In the framework of the existing Civil Code the supervisory body has no right to initiate the compulsory sale of the bank’s shares; it has no right to go to the law to demand the forceful sale of shares. In the Code there is a fixed list of subjects who have the right to initiate the sale of bank shares and bank supervisory bodies are not mentioned among them. The Civil Code describes the order of shares sale and specifies the persons who can be initiators of such a sale. The adoption of any law, that broadly uses the norms of the Civil Code and contradicts it, is an obvious infringement of rights and freedoms including the fundamental right for private property, they say.

The bottom line is that these alterations of existing laws are likely to cast doubts for foreign and domestic institutional investors on the attractiveness of making investments in Lithuania as a new EU market, they point out.

Critics ask whether Lithuania needs its own criteria of bank evaluation clouded under the new law.
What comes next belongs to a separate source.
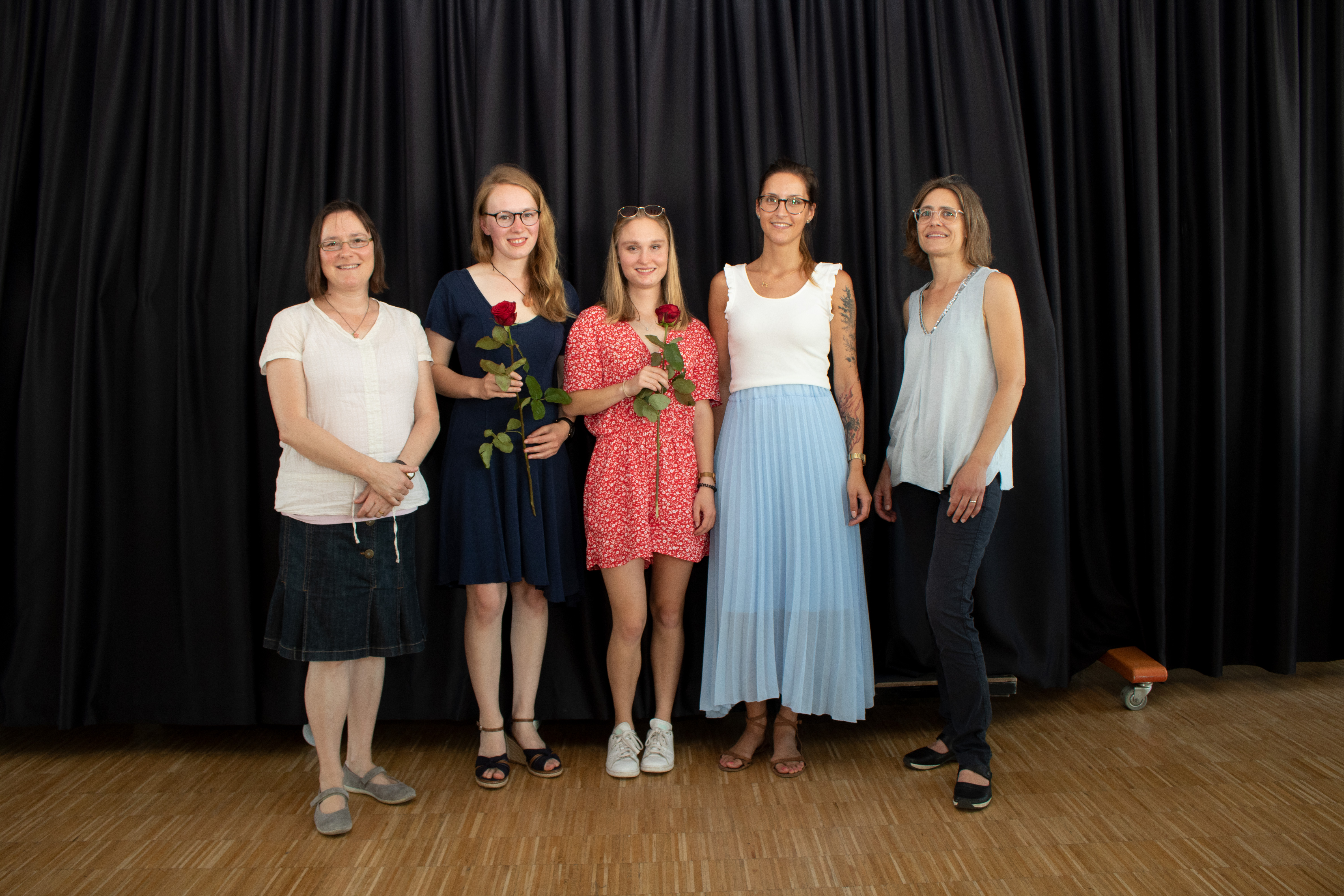 Zwei der Absolvent*innen (2. und 3. von links) mit drei ihrer Dozentinnen bei der Zeugnisvergabefeier.

As a rule new EU members bring their laws to conformity with European norms when joining the European Union.

In 1950 the European Counsel adopted its Protocol, “On Protection of Human Rights and Fundamental Freedoms”, where human rights with respect of their own property were clearly stated. These rights assure that nobody could be deprived of his own property unless it is in the interests of society and on conditions foreseen by the legislation and general principles of international law.

It is the essential feature of the general declaration of human rights adopted in 1948 at the session of the UN General Assembly as well, they point out.